De son côté, Claudine Escoffier-Lambiotte n’hésite pas à utiliser le discours scientifique pour occulter complètement et définitivement la dimension philosophico-historique de la maladie mentale et du fait psychiatrique. Je n’ en veux pour preuve que son affirmation très contestable selon laquelle « c’est un simple sel, le lithium, et non un discours politique, qui a mis fin à l’interminable martyr des psychoses périodiques. Combien suivaient depuis dix ou quinze ans des traitements psychanalytiques, inopérants... ». Les trois points de suspension donnant la mesure des griefs de mon excellent confrère à l’égard de la psychanalyse en particulier et des théories psychogénétiques en général.

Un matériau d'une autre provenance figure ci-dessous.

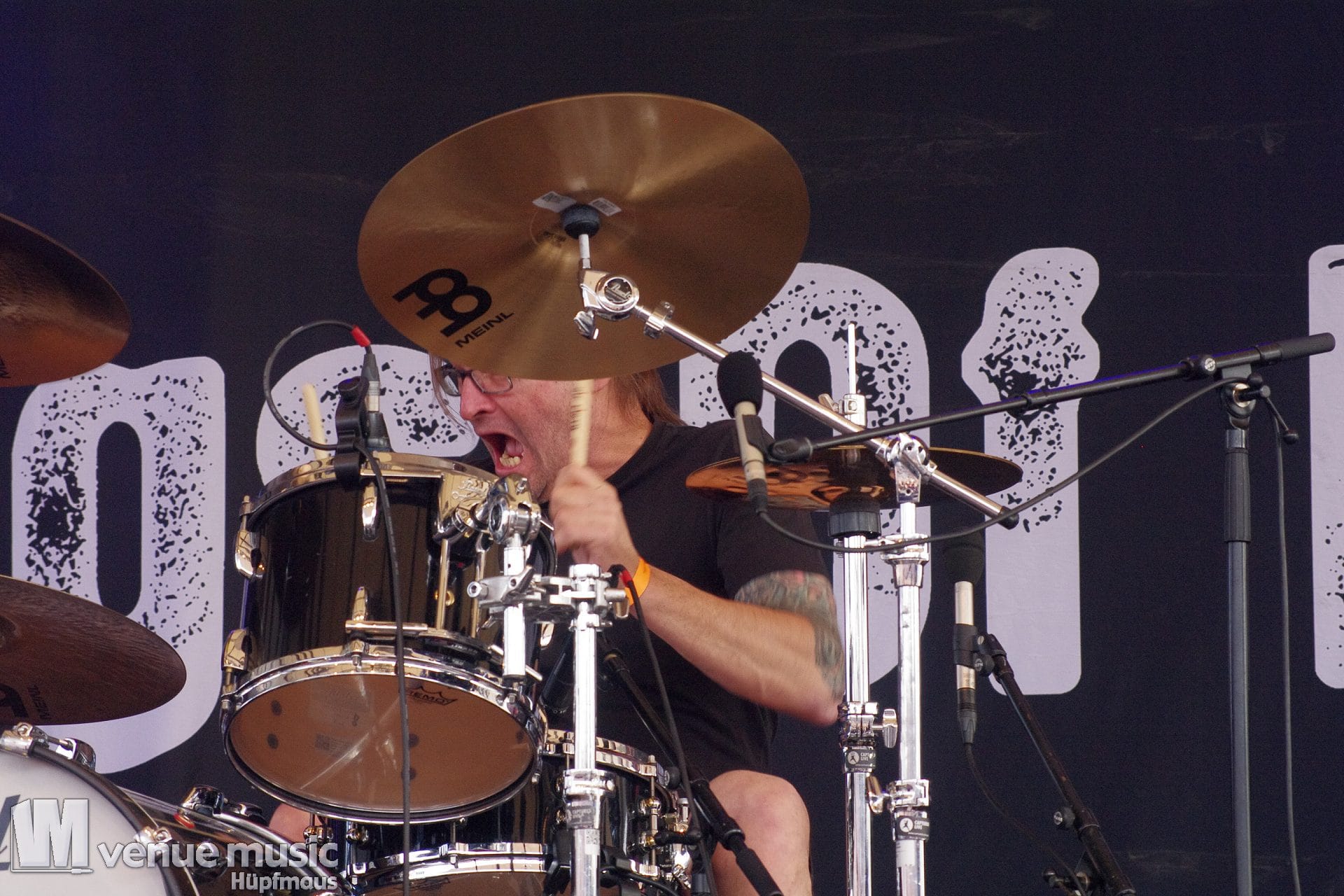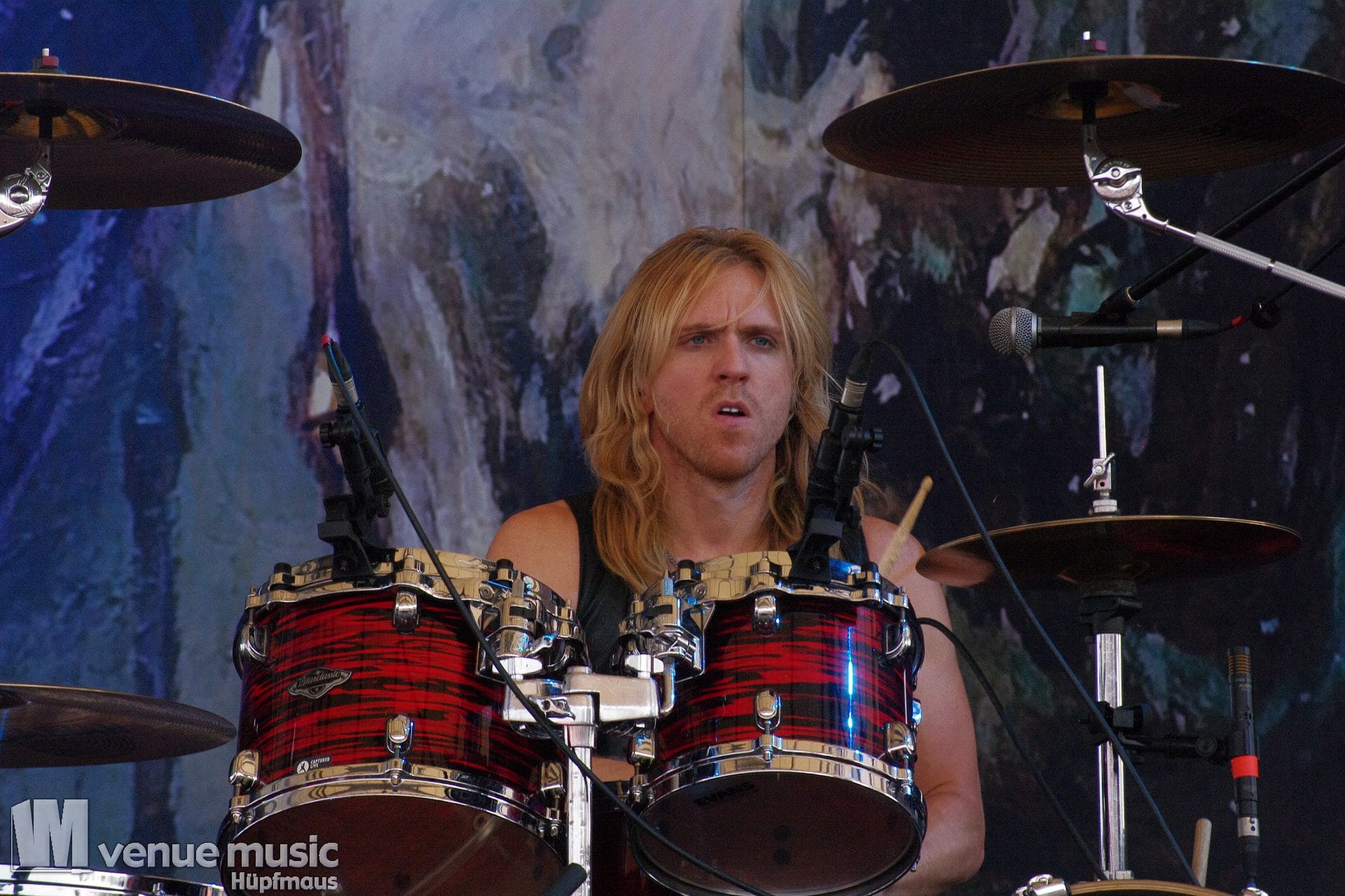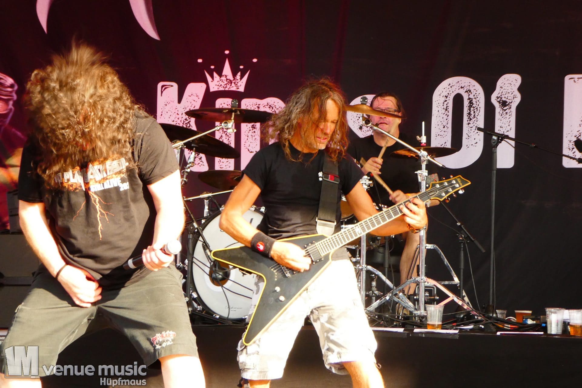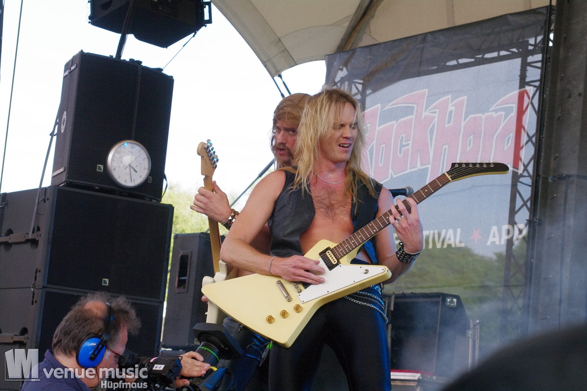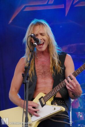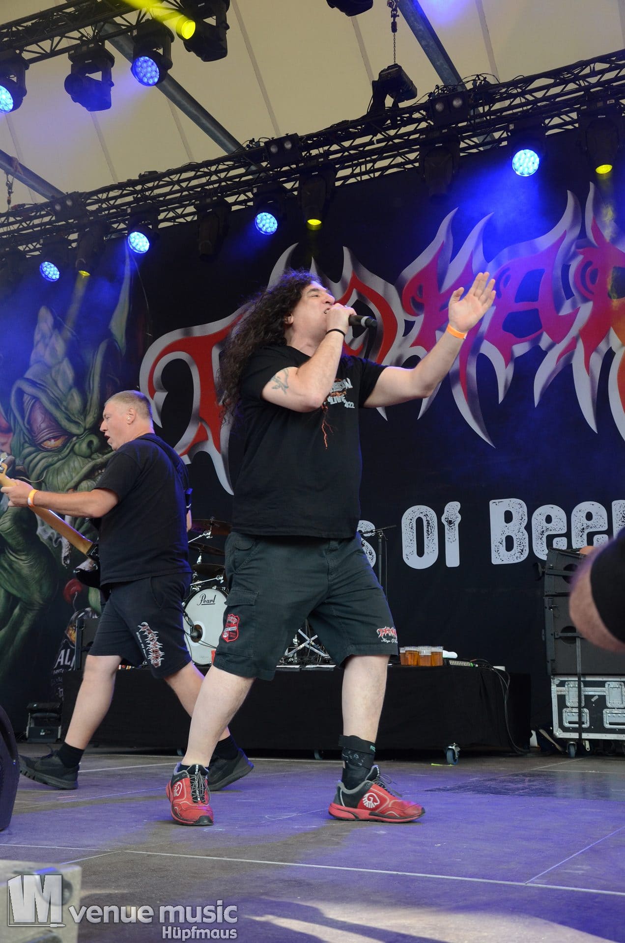 Eine weitere Band, die ich nicht auf dem Schirm hatte, waren Enforcer. Die Schweden präsentierten eine Mega-Show mit wahnsinnig viel Energie. Klamottentechnisch (und mehr) in den 90ern stehen geblieben, gabs richtig geilen Heavy/Speed-Metal auf die Ohren. Und zwar mit einer Bühnenpräsenz, die mega viel Spaß machte. Man konnte gar nicht anders, als mitzufeiern. Wem da nicht die Musik komplett durch den Körper floss, der musste entweder noch schlafen oder schon rotzevoll sein ;) Ein unerwartetes Highlight am sonnigen Sonntag Nachmittag! Vom neuen Album „Nostalgia“ gabs zwar nur den Titel „Coming Alive“, ebenso hat es nur „Zenith of the Black Sun“ der Vorgängerplatte ins Set geschafft, dafür konzentrierte sich die Band auf die etwas schnelleren Titel der früheren Werke. Coole Nummer!

Les écrits antérieurs souvent contradictoires de l’un et de l’autre ne font que confirmer leur fâcheuse tendance, commune cette fois-ci, à prendre la partie pour le tout au mépris de la vérité scientifique.
Il faut rendre à César ce qui est à César et laisser aux psychiatres le soin d’analyser le fait psychiatrique de l’intérieur, car leur formation spécifique, même imparfaite, voire paradoxale, les porte tout naturellement à mieux entreprendre cette démarche. Si des non-psychiatres s’autorisent à commenter des ouvrages psychiatriques sur le plan littéraire, socio-politique ou autre, c’est leur affaire, mais qu’ils évitent alors d’y introduire des déductions partiales et fallacieuses qui, de toute façon, se situent hors de leur champ, à moins de commencer par le commencement et de se former à la psychiatrie ! Le champ de la psychiatrie dépasse le champ de la médecine, mais ne saurait lui être étranger.
[NDLR – Nous tenons à faire remarquer que notre collaborateur J-M Palmier ne faisait que reprendre dans son comte-rendu un exemple cité dans « la Politique de la folie », ouvrage que notre correspondant prend moins en considération pour les faits qu’ il dénonce que pour le débat qu’il a suscité.]